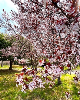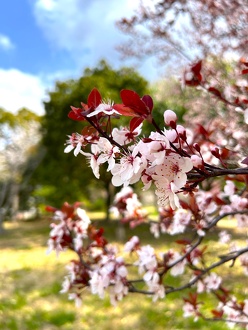 その名前「紅(ベニ)葉(バ)スモモ」の通り、花とともに小さな赤みがかった葉が現れ、木を全体的に赤っぽく感じさせます。本格的な春の訪れを感じさせてくれる美しい花です。
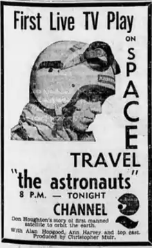 The Astronauts is a television film, or rather a live television play, which aired in Australia during 1960 on ABC. Broadcast originally in Melbourne on 18 May 1960, a kinescope recording was made of the broadcast and shown in Sydney on 27 July 1960 (it is not known if it was also shown on ABC's stations in Brisbane, Adelaide and Perth).[3]'Filmink magazine said it may be the only Australian drama about the space race.[4]
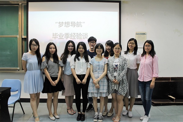 6月7日晚,我院“梦想导航”毕业季经验谈活动在主楼601教室顺利举办。杨雨馨、赵越等八位12级毕业生担任了本次经验交流会的主讲人。13、14、15级百余名同学前来聆听。
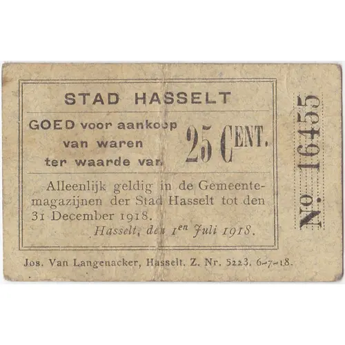 | Obverse lettering | STAD HASSELT GOED voor aankoop van waren ter waarde van 25 CENT. Alleenlijk geldig in de Gemeente- magazijnen der Stad Hasselt tot den 31 December 1918. Hasselt, den 1en Juli 1918. Imp. Van Langenacker, Hasselt. Z. Nr. 5221. 6-7-18. N° 16455 |
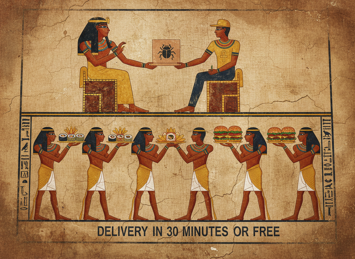 A fresco in the style of Ancient Egypt, a pharaoh receiving a pizza delivery box, servants carrying sushi and burgers on golden trays, hieroglyphs on the wall reading delivery in 30 minutes or free, profile figures in canonical poses, colors of ochre lapis lazuli and gold, composition arranged in horizontal rows, stylized flat figures with Egyptian eye makeup, papyrus texture, 8k
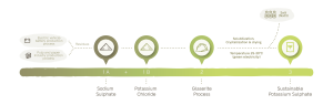 Quá trình GreenSwitch® Potassium, dựa trên công nghệ CINIS, dựa trên việc sử dụng chất thải từ các ngành công nghiệp khác, bao gồm tro từ nhà máy bột giấy và natri sunfat (Na2SO4) từ quá trình sản xuất pin xe điện. Những ngành công nghiệp này đang tìm kiếm những cách bền vững để xử lý các sản phẩm phụ của họ, và với nhu cầu về xe điện ngày càng tăng trong những năm tới, việc tái chế chất thải của họ trở thành một vấn đề ngày càng quan trọng. Phương pháp sử dụng chất thải làm nguyên liệu trong quá trình sản xuất kali sunfat là duy nhất trên thế giới và được bảo vệ bởi một bằng sáng chế.
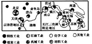 2、综合题 13.比较京津唐地区和长江三角洲地区城市和工业分布图,简要叙述和评价这两个地区工业部门的差异和发展工业的条件。
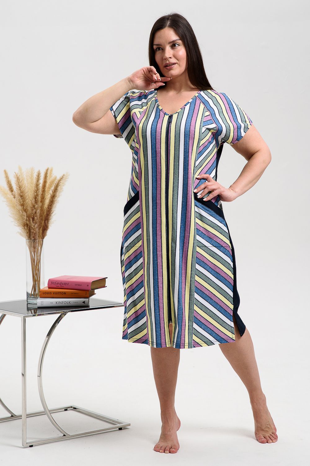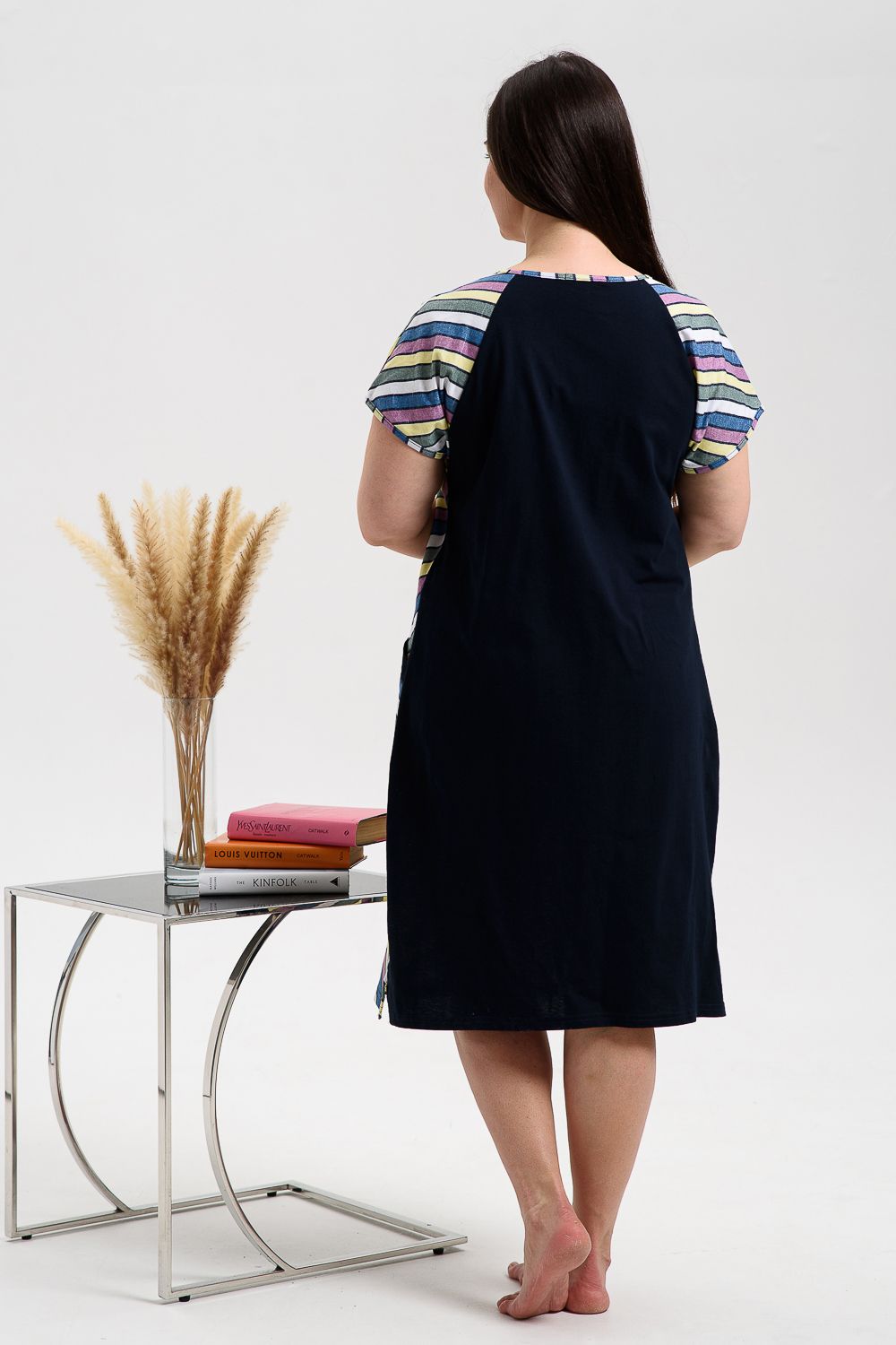 Халат с застежкой на молнию, полуприлегающего силуэта, длиной ниже колена, с V-образной горловиной, с накладными боковыми карманами. Рукав спущенный, короткий. В верхней части полочки расположены кокетки. Спинка из отделочного полотна, с кокетками. В нижней части боковых швов обработаны разрезы . Горловина, проймы обработаны бейкой из основного полотна.
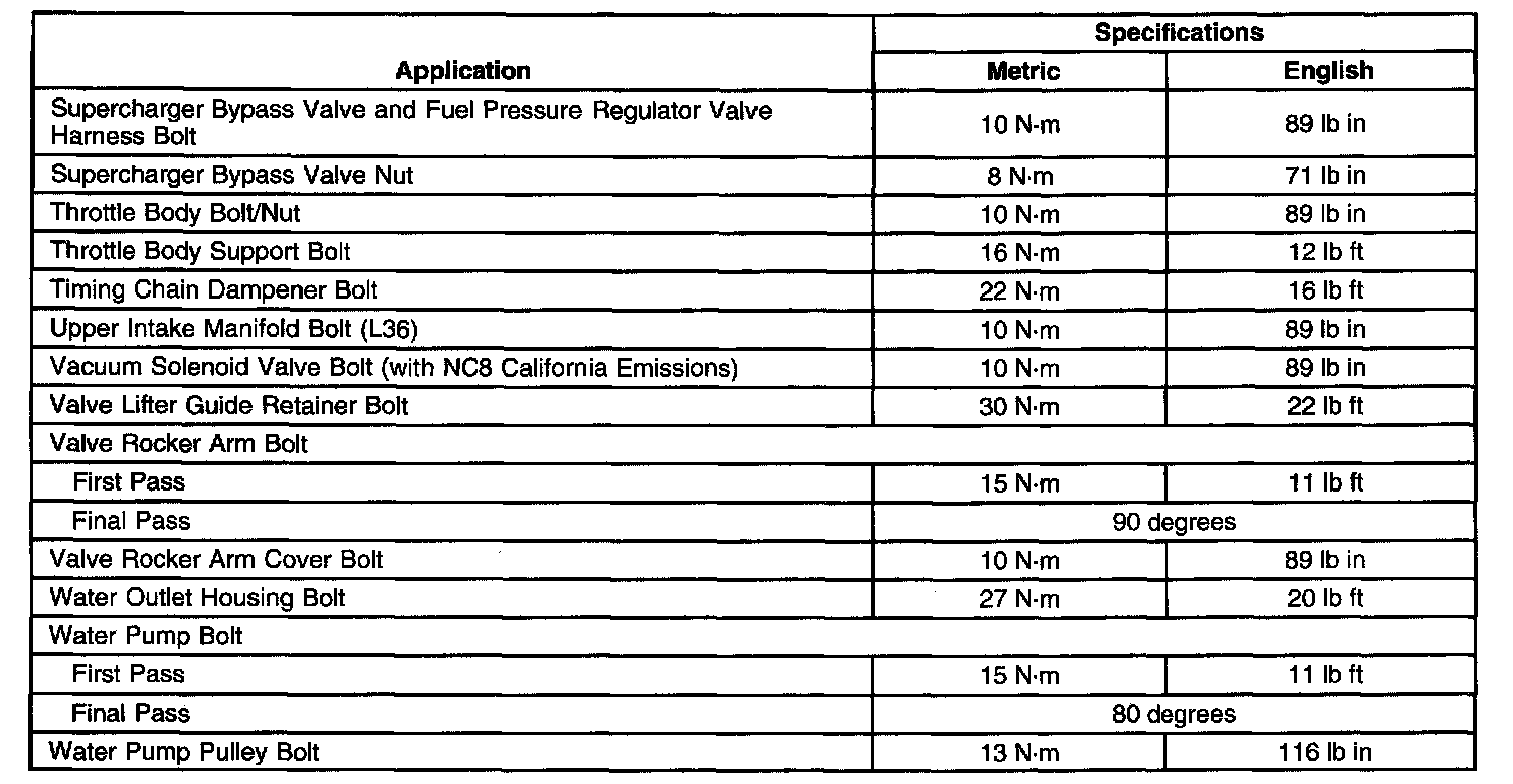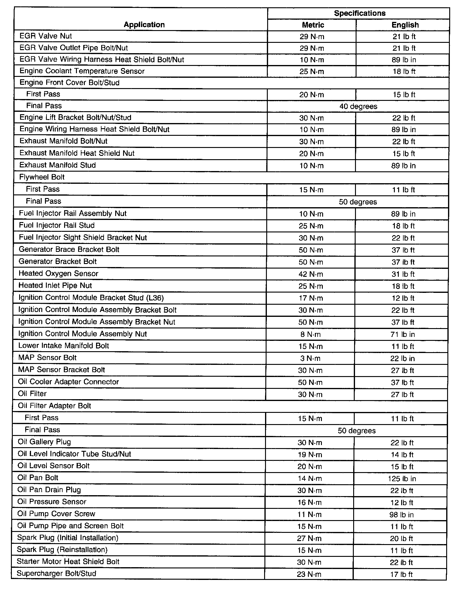 Fastener Tightening Specifications (C, H. W)
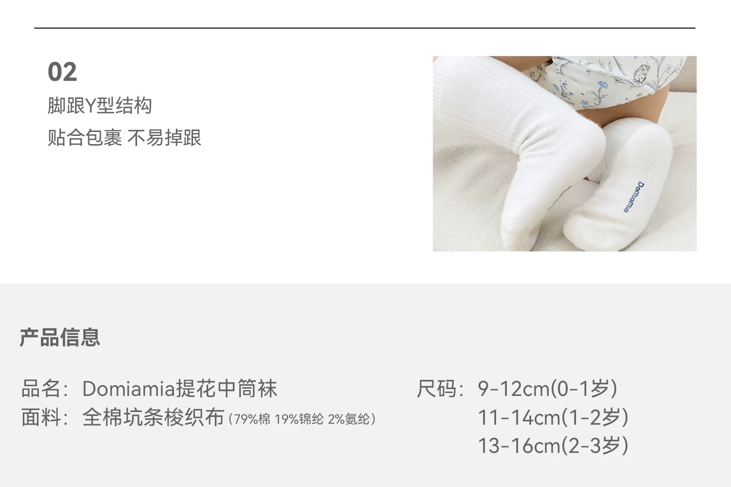 Domiamia 婴幼儿中筒袜 高颜值秋冬棉袜 纯色防滑袜

▸ **PROBLEM STATEMENT**
Repeat the material above word for word; no images go in the copy.

▸ **ANSWER TO THIS TASK**
 その名前「紅(ベニ)葉(バ)スモモ」の通り、花とともに小さな赤みがかった葉が現れ、木を全体的に赤っぽく感じさせます。本格的な春の訪れを感じさせてくれる美しい花です。
 The Astronauts is a television film, or rather a live television play, which aired in Australia during 1960 on ABC. Broadcast originally in Melbourne on 18 May 1960, a kinescope recording was made of the broadcast and shown in Sydney on 27 July 1960 (it is not known if it was also shown on ABC's stations in Brisbane, Adelaide and Perth).[3]'Filmink magazine said it may be the only Australian drama about the space race.[4]
 6月7日晚,我院“梦想导航”毕业季经验谈活动在主楼601教室顺利举办。杨雨馨、赵越等八位12级毕业生担任了本次经验交流会的主讲人。13、14、15级百余名同学前来聆听。
 | Obverse lettering | STAD HASSELT GOED voor aankoop van waren ter waarde van 25 CENT. Alleenlijk geldig in de Gemeente- magazijnen der Stad Hasselt tot den 31 December 1918. Hasselt, den 1en Juli 1918. Imp. Van Langenacker, Hasselt. Z. Nr. 5221. 6-7-18. N° 16455 |
 A fresco in the style of Ancient Egypt, a pharaoh receiving a pizza delivery box, servants carrying sushi and burgers on golden trays, hieroglyphs on the wall reading delivery in 30 minutes or free, profile figures in canonical poses, colors of ochre lapis lazuli and gold, composition arranged in horizontal rows, stylized flat figures with Egyptian eye makeup, papyrus texture, 8k
 Quá trình GreenSwitch® Potassium, dựa trên công nghệ CINIS, dựa trên việc sử dụng chất thải từ các ngành công nghiệp khác, bao gồm tro từ nhà máy bột giấy và natri sunfat (Na2SO4) từ quá trình sản xuất pin xe điện. Những ngành công nghiệp này đang tìm kiếm những cách bền vững để xử lý các sản phẩm phụ của họ, và với nhu cầu về xe điện ngày càng tăng trong những năm tới, việc tái chế chất thải của họ trở thành một vấn đề ngày càng quan trọng. Phương pháp sử dụng chất thải làm nguyên liệu trong quá trình sản xuất kali sunfat là duy nhất trên thế giới và được bảo vệ bởi một bằng sáng chế.
 2、综合题 13.比较京津唐地区和长江三角洲地区城市和工业分布图,简要叙述和评价这两个地区工业部门的差异和发展工业的条件。
 Халат с застежкой на молнию, полуприлегающего силуэта, длиной ниже колена, с V-образной горловиной, с накладными боковыми карманами. Рукав спущенный, короткий. В верхней части полочки расположены кокетки. Спинка из отделочного полотна, с кокетками. В нижней части боковых швов обработаны разрезы . Горловина, проймы обработаны бейкой из основного полотна.
 Fastener Tightening Specifications (C, H. W)
 Domiamia 婴幼儿中筒袜 高颜值秋冬棉袜 纯色防滑袜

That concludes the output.